HERE is also a further clarification on the use of electronic measuring devices. Note particularly where it says that any device which recommends a club selection is not allowed under this rule. I know that some of the current GPS have that ability... they would not be legal for competition use, even if that feature is turned off.


----------



## broken tee (Jan 13, 2008)

At a glance there is some ineresting subjects to know why...should be interesting. are you ready to rumble if I have a question?


----------



## Surtees (Sep 11, 2007)

gee thats a lot of wording in there do you think sometimes they change/update to manny rules?


----------



## Fourputt (Nov 18, 2006)

Surtees said:


> gee thats a lot of wording in there do you think sometimes they change/update to manny rules?


Don't confuse this with rule changes.

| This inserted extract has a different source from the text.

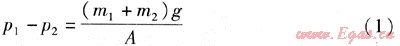 將此裝置安裝在燃?xì)夤艿赖纳嫌危箟翰铋_關(guān)的高壓信號(hào)取壓管及低壓信號(hào)取壓管分別與常閉電磁閥的前取壓管和節(jié)流閥芯的后取壓管相連。壓差管道開關(guān)的開閉信號(hào)輸出給控制電路,再由控制電路控制常閉電磁閥的啟閉,決定是否切斷燃?xì)?,?shí)現(xiàn)保護(hù)。設(shè)定燃?xì)馊肟趬毫閜1,燃?xì)獬隹趬毫閜2,壓差開關(guān)設(shè)定的動(dòng)作壓差分別為△p1和△p2。當(dāng)壓差開關(guān)左右腔壓差上行到p1-p2>△p1時(shí),壓差開關(guān)控制電路導(dǎo)通;當(dāng)壓差開關(guān)左右腔壓差下行到p1-p2<△p2時(shí),壓差開關(guān)控制電路斷開。氣流與節(jié)流閥芯接觸面積為4,節(jié)流閥芯的質(zhì)量為m1,配重塊的質(zhì)量為m2。下面根據(jù)流量大小兩種情況進(jìn)行分析。

These are only decisions that are affected, not Rules. Most of the decisions on that list are being revised for better clarity, or they are being deleted because they aren't needed. There are actually only a couple of new decisions. 

The Rules of Golf are only changed to any significant extent every fourth year unless a major issue pops up... the next such change will be in 2012.


----------



## broken tee (Jan 13, 2008)

Ok Rick I read the articles and the decisions are good and sound can't even think of why I would question them. The only thing I would change if I was on the rules commitee is the measuring devices, ban them all. Make just like it was when you and I were watching Shells wonderful World of Golf... the mind of the Golfer and his caddy even general play.


----------



## Fourputt (Nov 18, 2006)

broken tee said:


> Ok Rick I read the articles and the decisions are good and sound can't even think of why I would question them. The only thing I would change if I was on the rules commitee is the measuring devices, ban them all. Make just like it was when you and I were watching Shells wonderful World of Golf... the mind of the Golfer and his caddy even general play.


But the devices are a substitute for the caddy. Besides, I spend some $500+ on my GPS and laser.... gotta use them for a few more years just to get my money's worth.


----------



## broken tee (Jan 13, 2008)

Fourputt said:


> But the devices are a substitute for the caddy. Besides, I spend some $500+ on my GPS and laser.... gotta use them for a few more years just to get my money's worth.


I know, I'd feel the same way, besides I'd like one and my conscience, well, she says no!


----------